Placing Lupin in care and maintenance, which will employ 20 people, is part of Echo Bay's efforts to save up to $35 million US in 1998. Care and maintenance will cost about $3 million a year.

The company is also scaling back operations at its McCoy-Cove mine in Nevada, where about 100 jobs are affected.

In Denver, at the Echo Bay's head office, the company will cut staff to 37 people from 93.

As well, Echo Bay will slash its 1998 new-projects budget to $3 million US from $21 million and cut exploration budget to $6 million from $11 million.

The company will take a $14-million charge as part of the changes.

Lupin and McCoy-Cove are Echo Bay's highest-cost mines. Both have operated at a loss for some time, the company said.

In the first nine months of 1997, cash operating costs were $294 US and $291 per ounce of gold respectively at Lupin and McCoy-Cove.
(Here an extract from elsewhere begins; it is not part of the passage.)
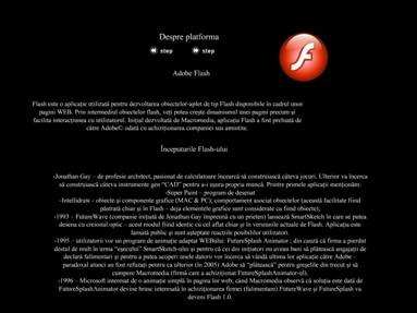 2."Ajutor" - in care sunt prezentate informatii despre platforma Adobe Flash si despre structura site-ului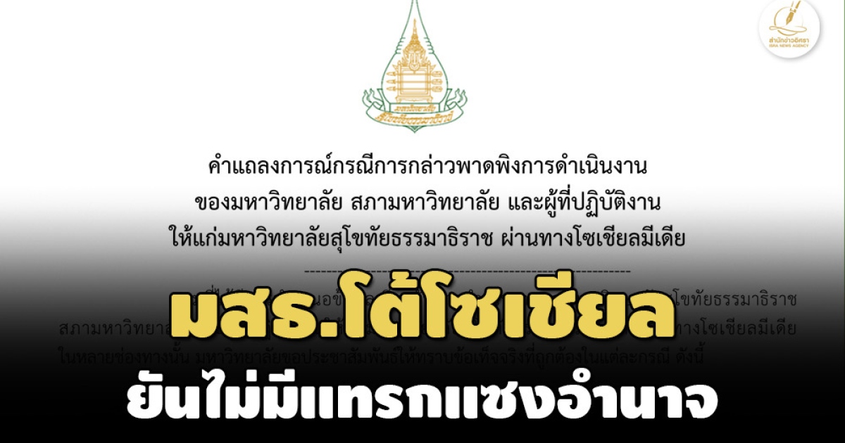 หมายเหตุสำนักข่าวอิศรา (www.isranews.org): เมื่อวันที่ 8 พฤษภาคม 2566 มหาวิทยาลัยสุโขทัยธรรมาธิราช ออกแถลงการณ์ถึงกรณีการกล่าวพาดพิงการดำเนินงานของมหาวิทยาลัย สภามหาวิทยาลัย และผู้ที่ปฏิบัติงานให้แก่มหาวิทยาลัยสุโขทัยธรรมาธิราช ผ่านทางโซเชียลมีเดีย ใน 3 ประเด็น ดังนี้

The company's Nevada and Washington mines produced gold at $205 and $217 respectively over the same period.

Over the nine months, Lupin produced 121,278 ounces of gold.

Echo Bay expects to produce 175,000 ounces of gold this year, a drop of 25 per cent compared with 1997.

The move to temporarily mothball Lupin comes less than two weeks after Miramar Mining cut 130 jobs, laying off 120 people at its Con mine.

Royal Oak spokesman Graham Eacott said Tuesday he was not aware of any layoffs at the company's Giant mine, other than the 26 people cut in November.